### Brief
Leave out every picture and set down, exactly, the lines below from the one holding "This gives us" up to and including the one holding "Ein schlichter blauer".

##### Records supplied

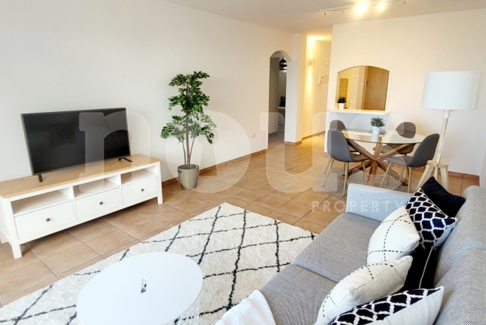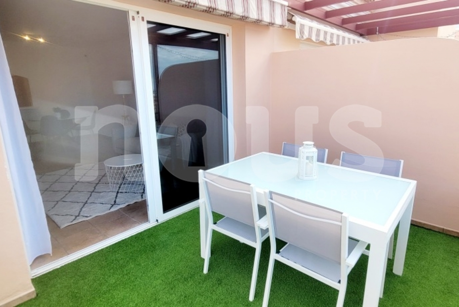 Muy bonito apartamento de 2 dormitorio1 baños, situado en la segunda y última planta de un complejo residencial muy bien cuidado, que se encuentra en la tranquila zona residencial del Madroñal, cerca de los centros comerciales gran Sur y Siam Mall y al lado del colegio privado internacional Costa Adeje. Dispone de cocina semi abierta al salón, completamente equipada y con solana para lavadora, plaza de garaje y trastero en el sótano. El complejo tiene piscina comunitaria, jardines y ascensores.
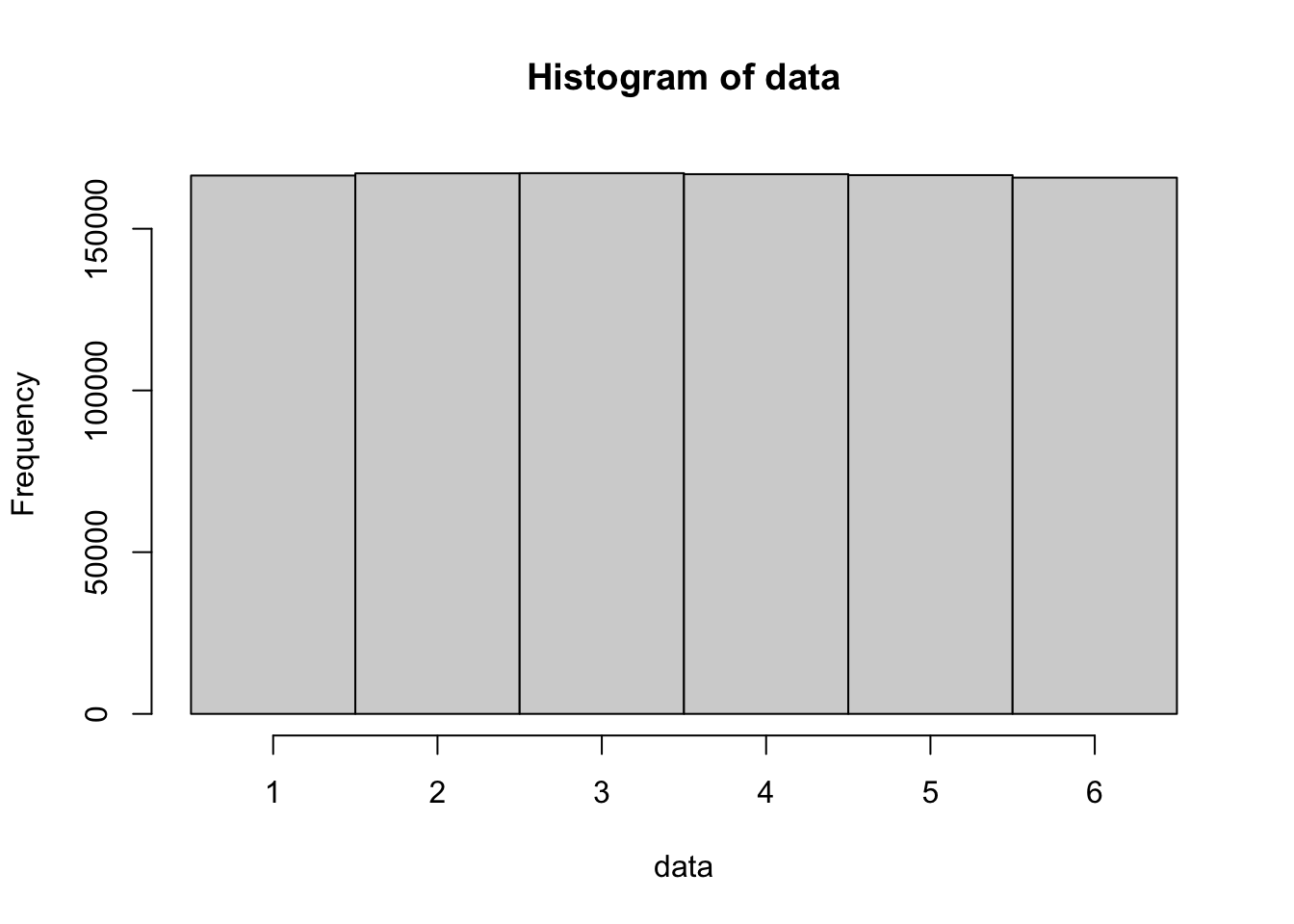 This gives us all the values of \(X\). As each probability is the same, we can simply multiply this vector by \(\frac{1}{6}\).
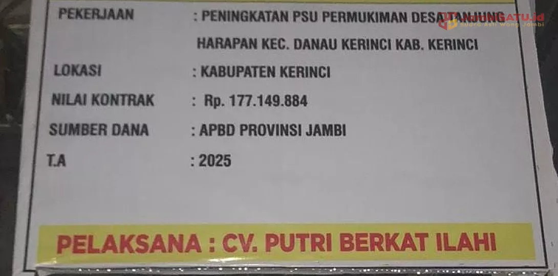 Sorotan tajam tertuju pada proyek peningkatan jalan cor di Desa Tanjung Harapan, Kecamatan Danau Kerinci, senilai Rp 177 juta. Warga menemukan papan proyek baru dipasang setelah pekerjaan berjalan—dan pelaksana kegiatan pun baru diketahui belakangan.
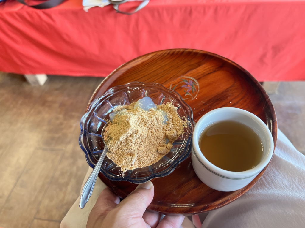 今回いただいたわらび餅は、きな粉の香ばしさとほんのりした甘さが絶妙で、歩いたあとの体にやさしくしみるようなおいしさでした。
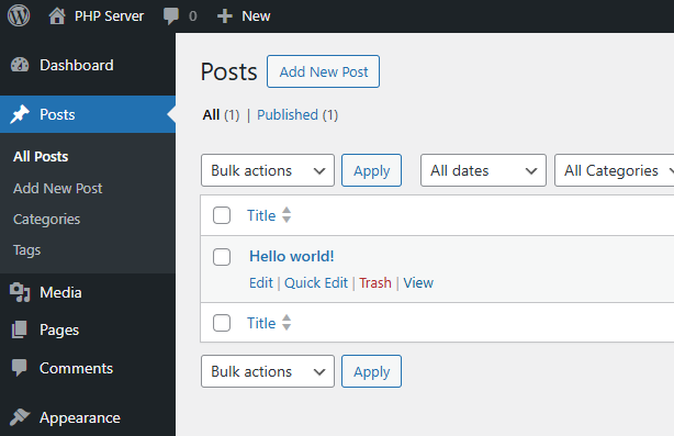 Aller dans « Posts » [GB] ou « Article » [FR] et vérifier que l’article de démo existe.
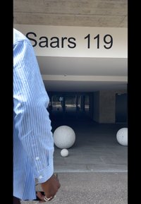 • Muž v modré pruhované košili a hnědých kalhotách, který drží sluneční brýle, jde směrem k vchodu budovy označené "Saars 119" s kamennými koulími venku.
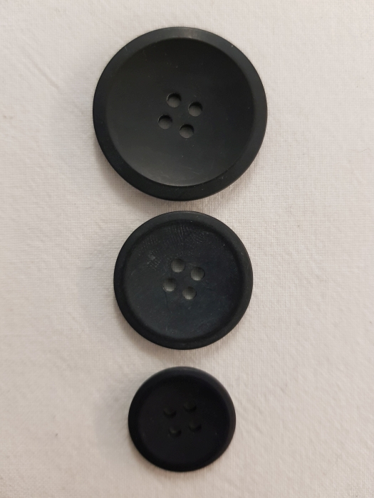 Ein schlichter blauer Kunststoffknopf, 4 Loch in den Größen 16/20/28 mm.
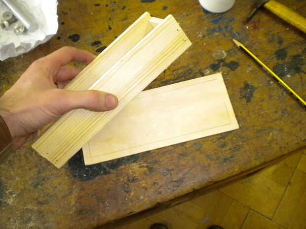 Coloque el marco sobre la base y luego dibujar en el interior borde con un lápiz. Esto demuestra que el grosor de los bordes del marco y ayuda a evitar la mala alineación de los pasadores. Igualmente espacio seis alfileres alrededor de la base (ver foto) Mida 60mm en los extremos del lado largo y el que está en el lado corto del centro.
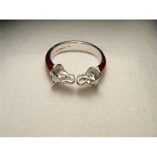 <tr><td>Title:18K White Gold Hidalgo Red Enamel Elephant Ring</td></tr>
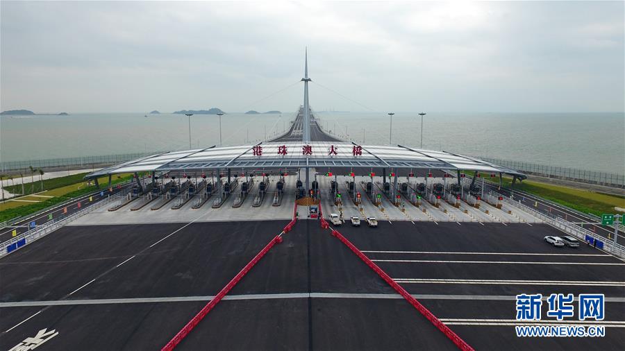 这是港珠澳大桥收费广场(10月20日无人机拍摄)。
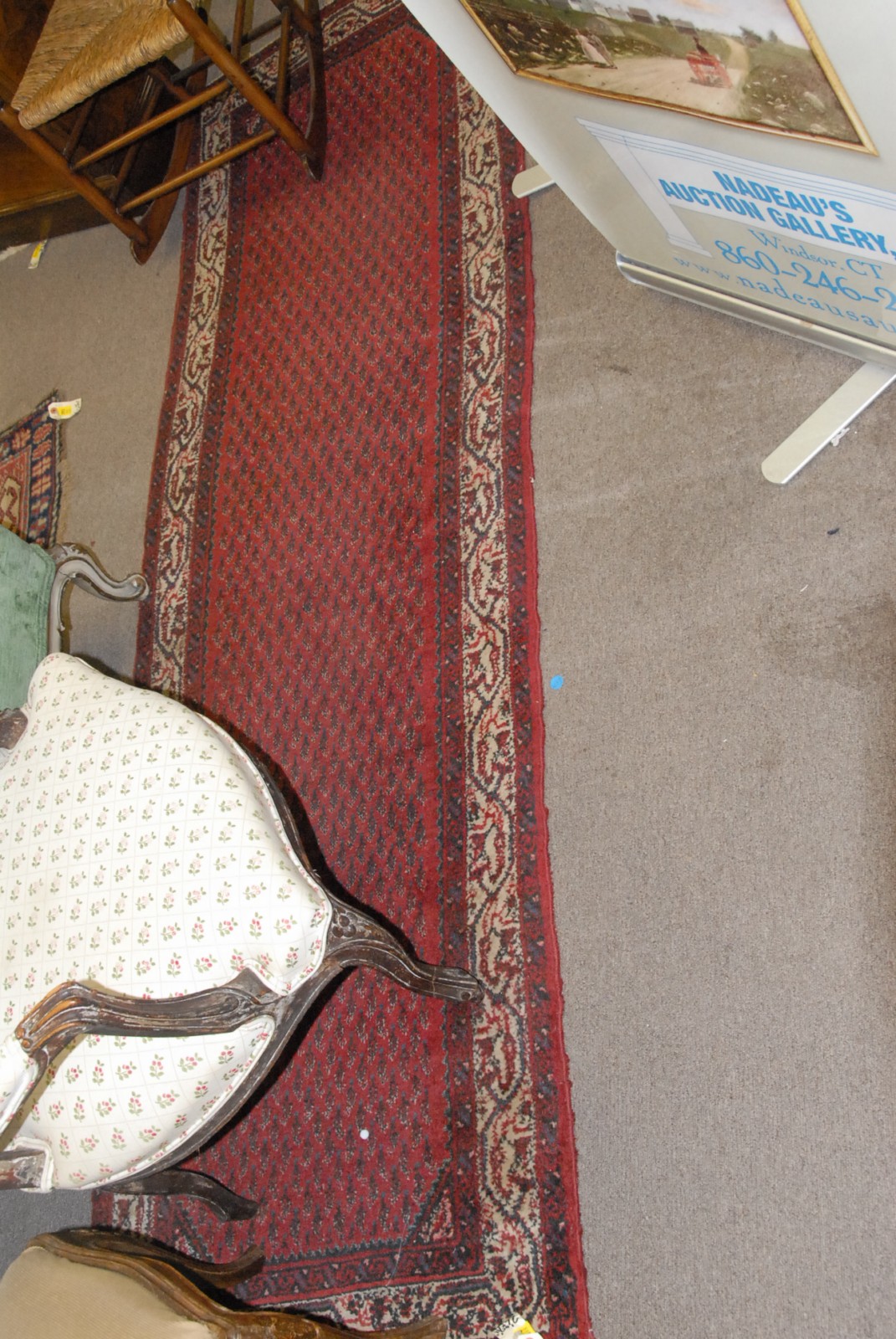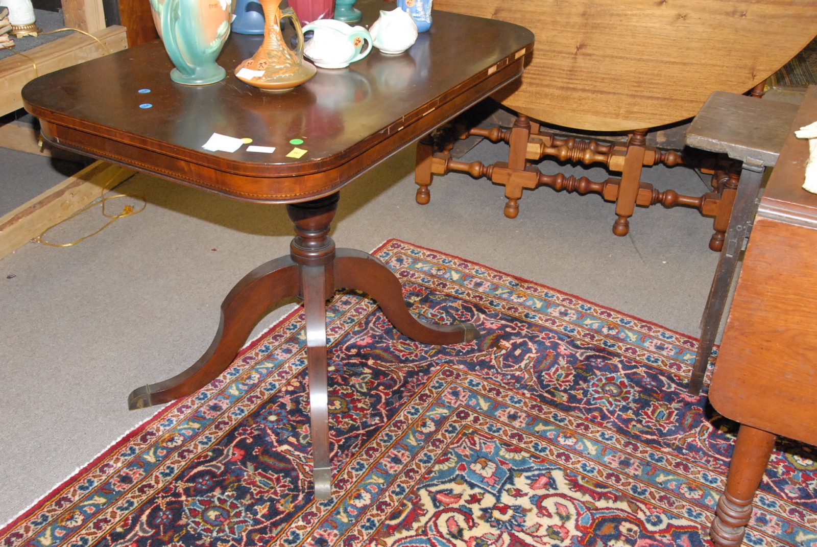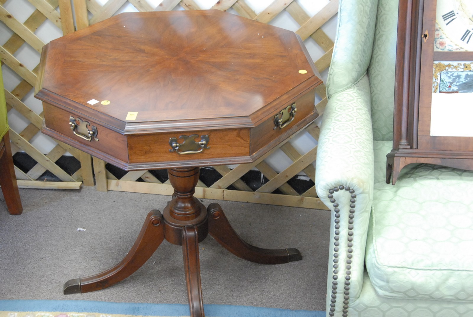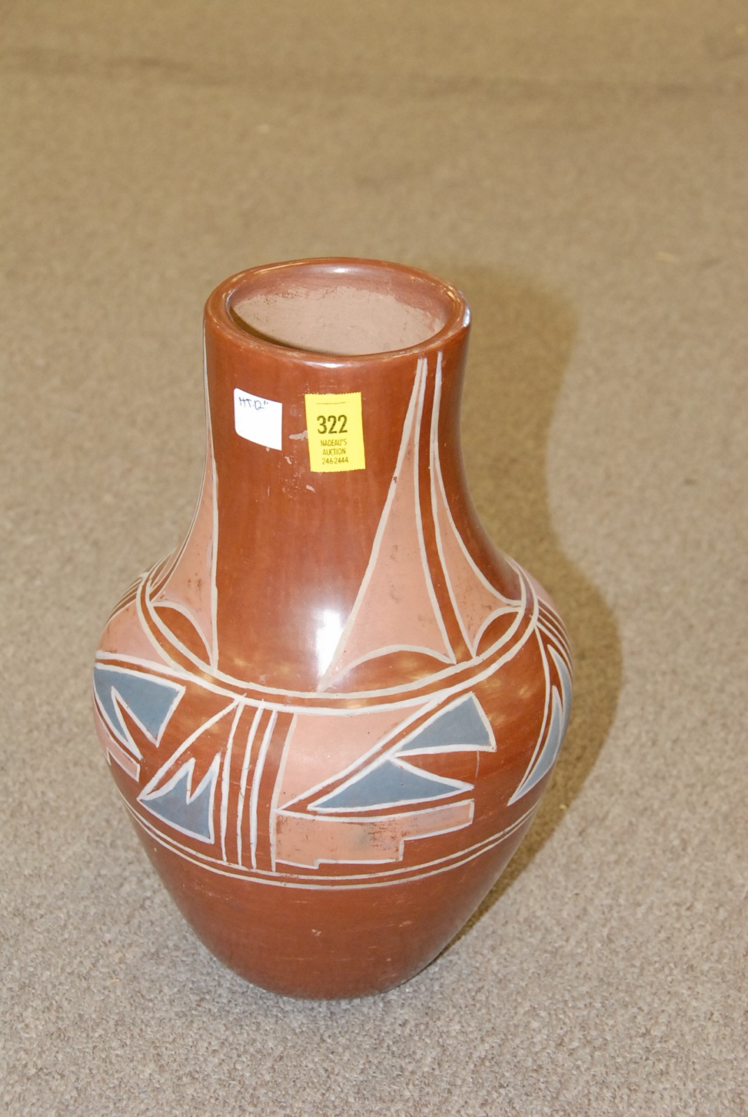 Group lot, including a group of 10 Majolica plates, crystal stems, amethyst vase, covered copper piece, a lamp, 2 wood carving, one a bird, and one a three dimensional plaque with a man
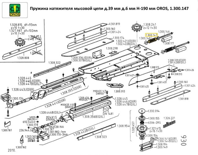 Пружина натяжителя мысовой цепи д.39 мм д.6 мм H-190 мм OROS, 1.300.147
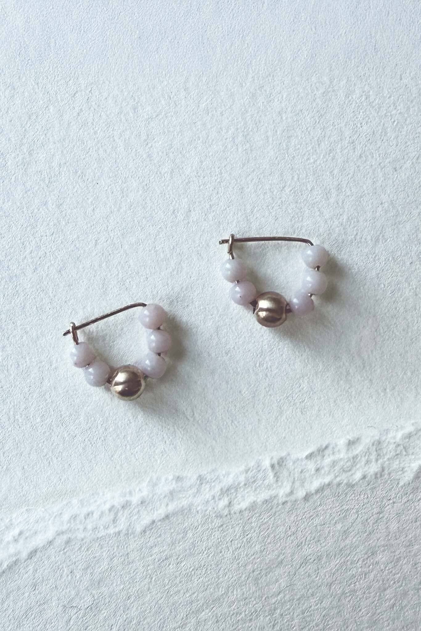 Delicate vintage pink shell beads paired with luminous 14k gold balls form these timeless huggie earrings. Soft in color yet refined in design, they’re lightweight, easy to wear, and perfect for everyday elegance with a hint of vintage charm.
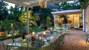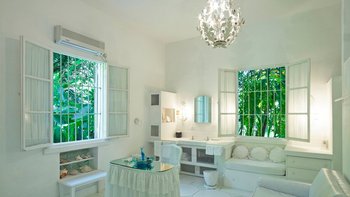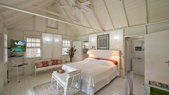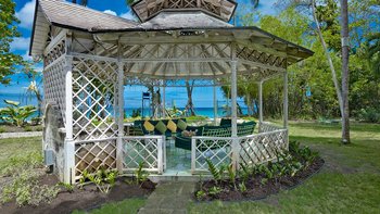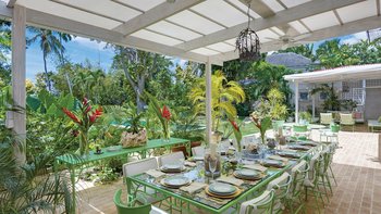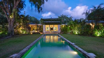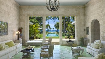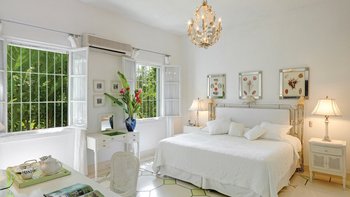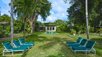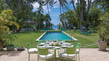 Eine herrliche Familienvilla und ein fotogener Hochzeitsort. Dieser elegante, aber ungezwungene Haus hat Charakter, eine Atmosphäre der alten Welt und romantische Oliver Messel-Design-Elemente, die ihm einen Hauch von Pracht verleihen. Nelson Gay ist eingebettet in weitläufige, gepflegte Gärten, üppiges Grün, das die Privatsphäre der Villa schützt, kühlen Schatten auf der Rasenfläche darunter wirft und sich, nur für kurze Zeit, öffnet, um eine kleine gepflasterte Terrasse auf die weiße Sandküste zu treffen. Perfekt gelegen, um die Aussicht zu genießen, reiht sich der 15 Meter lange Pool mit der kompletten Fensterwand eines Familienzimmers ins Herz des Hauses ein und führt über eine möblierte Terrasse direkt zum Meer. Ein kerzenbeleuchteter Speisesaal in der Villa wird durch einen herrlichen Pavillon in Strandnähe ergänzt, und das ganze Erlebnis wird durch den Kochservice und ein exzellentes Team von Mitarbeitern noch verstärkt. Es gibt fünf Schlafzimmer im Haupthaus und ein wunderschönes Gästehaus auf dem Grundstück beherbergt ein Schlafzimmer mit Doppelbett. Zusätzlich gibt es auch ein Tagesbett im Medienraum und nach Absprache können weitere Gäste in den beiden in sich geschlossenen Chattel-Häusern untergebracht werden, wodurch die maximale Gästezahl auf 18 erhöht wird (gegen Aufpreis).

##########

### Task solution
 This gives us all the values of \(X\). As each probability is the same, we can simply multiply this vector by \(\frac{1}{6}\).
 Sorotan tajam tertuju pada proyek peningkatan jalan cor di Desa Tanjung Harapan, Kecamatan Danau Kerinci, senilai Rp 177 juta. Warga menemukan papan proyek baru dipasang setelah pekerjaan berjalan—dan pelaksana kegiatan pun baru diketahui belakangan.
 今回いただいたわらび餅は、きな粉の香ばしさとほんのりした甘さが絶妙で、歩いたあとの体にやさしくしみるようなおいしさでした。
 Aller dans « Posts » [GB] ou « Article » [FR] et vérifier que l’article de démo existe.
 • Muž v modré pruhované košili a hnědých kalhotách, který drží sluneční brýle, jde směrem k vchodu budovy označené "Saars 119" s kamennými koulími venku.
 Ein schlichter blauer Kunststoffknopf, 4 Loch in den Größen 16/20/28 mm.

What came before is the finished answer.